In der zweiten Hälfte wechselte Lucien Favre im defensiven Mittelfeld, Dahoud kam für den angeschlagenen Delaney. Den besseren Start erwischten jedoch die unverändert aufgelaufenen Unioner: Sebastian Andersson schnappte sich einen Ball von Akanjis Fuß und zog damit in Richtung Strafraum. Kurz vor dem 16er ließ der Schwede Mats Hummels gekonnt aussteigen, scheiterte dann aber an Keeper Roman Bürki – der das Leder direkt vor die Beine Marius Bülters prallen ließ. Der Flügelspieler blieb konzentriert und versenkte den Abpraller schließlich im Dortmunder Tor (50.). Der erneute Gegentreffer nahm der Offensive des BVB sichtlich den Wind aus den Segeln. Der hochkarätige Angriff der Borussen stieß zwar immer wieder bis zum Strafraum der Eisernen vor, konnte sich dort aber selten so richtig gefährlich präsentieren.
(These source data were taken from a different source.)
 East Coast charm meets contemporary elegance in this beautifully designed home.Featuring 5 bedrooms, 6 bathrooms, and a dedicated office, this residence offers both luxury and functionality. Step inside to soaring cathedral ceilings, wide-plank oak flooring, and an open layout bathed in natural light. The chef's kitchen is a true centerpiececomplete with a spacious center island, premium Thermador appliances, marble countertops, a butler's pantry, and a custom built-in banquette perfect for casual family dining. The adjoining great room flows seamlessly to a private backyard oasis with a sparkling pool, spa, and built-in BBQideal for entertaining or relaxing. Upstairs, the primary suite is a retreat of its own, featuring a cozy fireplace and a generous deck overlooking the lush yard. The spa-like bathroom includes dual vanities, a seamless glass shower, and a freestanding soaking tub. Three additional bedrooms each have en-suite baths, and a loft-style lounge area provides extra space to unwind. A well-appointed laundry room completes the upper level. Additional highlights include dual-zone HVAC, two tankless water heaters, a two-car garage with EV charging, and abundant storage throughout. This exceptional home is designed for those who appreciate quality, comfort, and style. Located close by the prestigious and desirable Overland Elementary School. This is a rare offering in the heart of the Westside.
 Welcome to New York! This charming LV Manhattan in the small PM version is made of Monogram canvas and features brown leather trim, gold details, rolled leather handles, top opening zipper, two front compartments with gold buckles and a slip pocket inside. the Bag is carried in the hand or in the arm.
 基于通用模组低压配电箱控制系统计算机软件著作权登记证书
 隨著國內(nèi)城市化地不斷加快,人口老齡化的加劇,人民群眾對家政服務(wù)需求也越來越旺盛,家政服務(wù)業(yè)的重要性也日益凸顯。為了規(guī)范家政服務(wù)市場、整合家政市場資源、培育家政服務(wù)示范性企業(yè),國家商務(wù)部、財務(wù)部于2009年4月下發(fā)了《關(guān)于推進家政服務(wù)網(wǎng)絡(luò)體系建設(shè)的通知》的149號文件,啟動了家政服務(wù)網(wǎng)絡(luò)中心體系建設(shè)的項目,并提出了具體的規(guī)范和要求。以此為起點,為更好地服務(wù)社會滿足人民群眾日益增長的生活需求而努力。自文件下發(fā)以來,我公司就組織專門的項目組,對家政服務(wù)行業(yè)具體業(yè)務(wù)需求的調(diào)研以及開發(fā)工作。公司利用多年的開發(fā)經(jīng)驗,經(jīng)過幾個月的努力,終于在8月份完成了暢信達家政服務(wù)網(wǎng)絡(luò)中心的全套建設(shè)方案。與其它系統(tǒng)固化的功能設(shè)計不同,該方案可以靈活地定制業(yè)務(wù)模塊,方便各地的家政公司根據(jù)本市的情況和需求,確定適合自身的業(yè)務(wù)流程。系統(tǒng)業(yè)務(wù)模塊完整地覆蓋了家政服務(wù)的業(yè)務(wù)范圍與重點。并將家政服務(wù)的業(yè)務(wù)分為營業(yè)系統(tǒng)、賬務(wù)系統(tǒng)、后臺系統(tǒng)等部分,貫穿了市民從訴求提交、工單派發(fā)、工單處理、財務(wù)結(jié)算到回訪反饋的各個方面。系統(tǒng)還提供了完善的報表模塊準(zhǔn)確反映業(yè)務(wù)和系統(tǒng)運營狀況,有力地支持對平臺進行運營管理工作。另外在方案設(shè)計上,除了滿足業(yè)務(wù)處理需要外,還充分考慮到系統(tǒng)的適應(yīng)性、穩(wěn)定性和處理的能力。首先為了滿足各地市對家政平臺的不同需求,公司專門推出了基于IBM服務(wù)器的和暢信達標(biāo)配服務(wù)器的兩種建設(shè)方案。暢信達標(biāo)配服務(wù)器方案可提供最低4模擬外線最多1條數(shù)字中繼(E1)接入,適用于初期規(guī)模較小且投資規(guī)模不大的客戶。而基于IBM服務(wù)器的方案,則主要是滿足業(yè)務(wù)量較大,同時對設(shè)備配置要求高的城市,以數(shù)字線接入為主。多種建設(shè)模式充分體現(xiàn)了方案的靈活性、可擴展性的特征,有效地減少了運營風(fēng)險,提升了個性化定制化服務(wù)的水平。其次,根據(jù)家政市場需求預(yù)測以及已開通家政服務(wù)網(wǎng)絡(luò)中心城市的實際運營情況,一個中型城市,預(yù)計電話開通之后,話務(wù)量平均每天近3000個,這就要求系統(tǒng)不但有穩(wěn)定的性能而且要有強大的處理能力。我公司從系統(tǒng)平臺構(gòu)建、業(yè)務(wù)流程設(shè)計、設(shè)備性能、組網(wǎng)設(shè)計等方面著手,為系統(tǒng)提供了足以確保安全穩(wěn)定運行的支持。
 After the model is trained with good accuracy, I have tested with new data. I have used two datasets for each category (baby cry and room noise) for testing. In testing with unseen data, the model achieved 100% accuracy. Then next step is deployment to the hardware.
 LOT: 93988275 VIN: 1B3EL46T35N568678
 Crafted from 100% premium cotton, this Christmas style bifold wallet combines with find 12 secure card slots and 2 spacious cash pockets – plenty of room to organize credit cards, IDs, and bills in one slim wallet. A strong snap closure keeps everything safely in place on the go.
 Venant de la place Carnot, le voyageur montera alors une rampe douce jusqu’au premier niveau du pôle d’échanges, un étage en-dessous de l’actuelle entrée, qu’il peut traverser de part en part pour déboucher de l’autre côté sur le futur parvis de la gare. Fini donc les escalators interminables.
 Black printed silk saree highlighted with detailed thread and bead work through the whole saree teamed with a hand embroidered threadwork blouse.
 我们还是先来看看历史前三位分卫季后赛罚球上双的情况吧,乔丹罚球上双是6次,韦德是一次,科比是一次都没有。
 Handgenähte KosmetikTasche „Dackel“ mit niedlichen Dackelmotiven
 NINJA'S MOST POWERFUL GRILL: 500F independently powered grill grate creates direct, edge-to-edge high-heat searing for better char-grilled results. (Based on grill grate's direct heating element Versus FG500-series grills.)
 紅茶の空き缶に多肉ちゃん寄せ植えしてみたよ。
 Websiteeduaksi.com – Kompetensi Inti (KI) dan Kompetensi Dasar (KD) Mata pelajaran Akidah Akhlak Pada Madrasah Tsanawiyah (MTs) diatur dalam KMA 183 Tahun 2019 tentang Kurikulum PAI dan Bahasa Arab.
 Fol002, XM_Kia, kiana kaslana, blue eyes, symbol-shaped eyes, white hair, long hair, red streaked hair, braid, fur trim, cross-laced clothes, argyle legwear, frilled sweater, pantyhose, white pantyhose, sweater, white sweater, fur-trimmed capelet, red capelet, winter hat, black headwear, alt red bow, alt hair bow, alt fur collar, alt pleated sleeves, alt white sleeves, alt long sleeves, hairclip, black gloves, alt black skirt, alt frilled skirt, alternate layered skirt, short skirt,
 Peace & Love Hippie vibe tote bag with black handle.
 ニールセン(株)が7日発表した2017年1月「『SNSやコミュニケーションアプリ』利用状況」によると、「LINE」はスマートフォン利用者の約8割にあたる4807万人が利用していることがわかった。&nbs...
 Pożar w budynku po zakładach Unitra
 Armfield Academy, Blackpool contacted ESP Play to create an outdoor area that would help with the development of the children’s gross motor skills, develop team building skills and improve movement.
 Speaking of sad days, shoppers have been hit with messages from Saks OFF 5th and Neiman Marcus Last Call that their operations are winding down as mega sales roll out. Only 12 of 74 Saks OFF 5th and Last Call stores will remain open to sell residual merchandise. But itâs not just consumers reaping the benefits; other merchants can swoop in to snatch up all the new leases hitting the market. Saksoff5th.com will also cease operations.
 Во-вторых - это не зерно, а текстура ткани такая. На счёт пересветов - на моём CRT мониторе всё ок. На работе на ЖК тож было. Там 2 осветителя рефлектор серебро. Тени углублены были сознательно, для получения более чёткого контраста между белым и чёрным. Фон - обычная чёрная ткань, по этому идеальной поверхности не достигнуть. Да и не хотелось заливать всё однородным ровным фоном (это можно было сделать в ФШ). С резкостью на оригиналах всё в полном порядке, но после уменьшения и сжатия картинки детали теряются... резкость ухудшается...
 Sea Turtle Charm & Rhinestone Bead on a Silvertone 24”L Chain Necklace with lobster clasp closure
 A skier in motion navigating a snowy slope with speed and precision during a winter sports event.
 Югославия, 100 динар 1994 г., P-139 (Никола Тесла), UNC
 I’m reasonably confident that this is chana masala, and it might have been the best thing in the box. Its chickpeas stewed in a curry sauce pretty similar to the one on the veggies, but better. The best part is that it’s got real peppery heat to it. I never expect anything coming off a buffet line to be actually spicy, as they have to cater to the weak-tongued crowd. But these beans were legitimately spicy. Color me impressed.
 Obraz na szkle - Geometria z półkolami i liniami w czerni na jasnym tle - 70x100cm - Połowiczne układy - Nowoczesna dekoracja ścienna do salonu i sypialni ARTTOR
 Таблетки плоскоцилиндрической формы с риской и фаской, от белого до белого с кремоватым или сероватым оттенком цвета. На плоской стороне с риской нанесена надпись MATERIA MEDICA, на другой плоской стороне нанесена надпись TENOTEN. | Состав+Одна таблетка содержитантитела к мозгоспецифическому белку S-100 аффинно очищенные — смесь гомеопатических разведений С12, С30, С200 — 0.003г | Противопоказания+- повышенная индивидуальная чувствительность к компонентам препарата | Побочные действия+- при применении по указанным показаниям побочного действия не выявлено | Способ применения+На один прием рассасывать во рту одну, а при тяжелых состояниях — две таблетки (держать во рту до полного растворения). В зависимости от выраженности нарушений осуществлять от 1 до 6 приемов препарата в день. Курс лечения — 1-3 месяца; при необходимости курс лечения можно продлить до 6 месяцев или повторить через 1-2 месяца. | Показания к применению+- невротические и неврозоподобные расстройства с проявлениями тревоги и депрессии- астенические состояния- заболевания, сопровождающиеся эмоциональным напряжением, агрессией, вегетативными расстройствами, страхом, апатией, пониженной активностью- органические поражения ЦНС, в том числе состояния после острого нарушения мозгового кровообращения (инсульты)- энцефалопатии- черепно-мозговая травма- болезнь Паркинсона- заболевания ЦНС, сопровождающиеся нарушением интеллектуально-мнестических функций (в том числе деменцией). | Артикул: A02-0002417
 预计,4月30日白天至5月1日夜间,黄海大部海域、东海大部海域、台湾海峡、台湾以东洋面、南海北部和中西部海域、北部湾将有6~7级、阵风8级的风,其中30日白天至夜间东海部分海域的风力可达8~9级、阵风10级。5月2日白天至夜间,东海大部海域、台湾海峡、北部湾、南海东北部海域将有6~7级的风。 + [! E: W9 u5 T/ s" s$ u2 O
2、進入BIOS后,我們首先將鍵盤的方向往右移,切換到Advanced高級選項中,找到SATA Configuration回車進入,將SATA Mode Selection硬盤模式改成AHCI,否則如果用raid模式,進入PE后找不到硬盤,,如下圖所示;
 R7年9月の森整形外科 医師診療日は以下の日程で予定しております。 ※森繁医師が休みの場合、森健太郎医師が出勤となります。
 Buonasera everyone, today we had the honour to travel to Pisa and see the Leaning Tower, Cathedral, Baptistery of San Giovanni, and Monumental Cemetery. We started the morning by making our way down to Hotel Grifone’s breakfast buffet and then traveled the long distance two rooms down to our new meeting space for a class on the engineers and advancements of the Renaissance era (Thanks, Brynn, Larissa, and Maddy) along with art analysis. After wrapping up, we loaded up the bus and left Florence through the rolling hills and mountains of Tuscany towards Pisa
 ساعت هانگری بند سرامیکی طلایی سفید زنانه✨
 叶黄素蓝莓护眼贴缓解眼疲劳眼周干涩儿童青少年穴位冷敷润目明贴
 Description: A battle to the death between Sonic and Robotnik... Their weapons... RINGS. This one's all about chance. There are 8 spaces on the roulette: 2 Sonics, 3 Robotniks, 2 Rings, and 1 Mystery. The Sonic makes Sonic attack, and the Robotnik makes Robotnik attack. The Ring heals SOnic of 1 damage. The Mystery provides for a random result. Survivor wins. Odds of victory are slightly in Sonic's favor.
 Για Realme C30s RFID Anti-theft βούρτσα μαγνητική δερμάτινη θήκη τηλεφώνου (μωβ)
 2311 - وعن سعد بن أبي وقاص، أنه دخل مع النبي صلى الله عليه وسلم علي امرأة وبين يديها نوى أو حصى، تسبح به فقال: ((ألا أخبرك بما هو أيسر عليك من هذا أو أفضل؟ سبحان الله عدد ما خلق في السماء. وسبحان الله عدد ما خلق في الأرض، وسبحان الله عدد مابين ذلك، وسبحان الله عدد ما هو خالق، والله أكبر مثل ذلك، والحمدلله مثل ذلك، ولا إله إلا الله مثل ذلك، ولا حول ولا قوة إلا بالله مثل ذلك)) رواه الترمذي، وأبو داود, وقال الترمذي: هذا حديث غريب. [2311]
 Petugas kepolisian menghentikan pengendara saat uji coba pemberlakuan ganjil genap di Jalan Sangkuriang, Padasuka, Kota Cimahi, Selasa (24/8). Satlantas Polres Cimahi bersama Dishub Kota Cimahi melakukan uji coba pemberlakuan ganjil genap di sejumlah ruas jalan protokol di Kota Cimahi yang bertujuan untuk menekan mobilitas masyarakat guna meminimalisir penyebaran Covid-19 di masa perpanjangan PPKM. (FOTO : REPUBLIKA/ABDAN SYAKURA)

Dies lag auch an der guten defensiven Organisation von Union: Bei Ballbesitz ließ man sich in dieser Phase häufig sehr tief fallen, stellenweise verteidigten Anthony Ujah und Sebastian Andersson im letzten Drittel vor Gikiewicz‘ Tor. Eine Viertelstunde vor Schluss fiel schließlich der spielentscheidende Treffer für Union, als Sebastian Andersson ein flaches Zuspiel von Sheraldo Becker zum 3:1-Endstand über die Linie drückte (75.). Der BVB bäumte sich erneut auf, wirkte nun jedoch zunehmend resigniert – die Angriffe der Borussen wurden meist überhastet zu Ende geführt, Union verteidigte, frenetisch angepeitscht von 20.000 Fans, die jede erfolgreiche Defensivaktion mit tosendem Applaus quittierten, hochkonzentriert. Auch in den sieben Minuten Nachspielzeit gelang es den Schwarz-Gelben zwar Druck aufzubauen, nicht jedoch, diesen in Tore umzumünzen. Das Spiel endete 3:1.

Urs Fischer ist zufrieden mit dem Auftritt seiner Mannschaft:
„Wir wussten, dass es sehr harte 90 Minuten werden, du über deine Grenzen gehen musst. Das hat man heute über 90 Minuten gesehen: wir sind bereit zu investieren, hier ist ein Team am Arbeiten. Wir sind heute so mutig aufgetreten, wie wir es uns vorgenommen hatten“, so der Schweizer auf der Pressekonferenz nach dem Spiel.

Für seine Mannschaft geht es nach der Länderspielpause am Samstag, dem 14.09.2019 um 15:30 Uhr mit der Bundesliga weiter. Dann empfangen die Eisernen den SV Werder Bremen im Stadion An der Alten Försterei.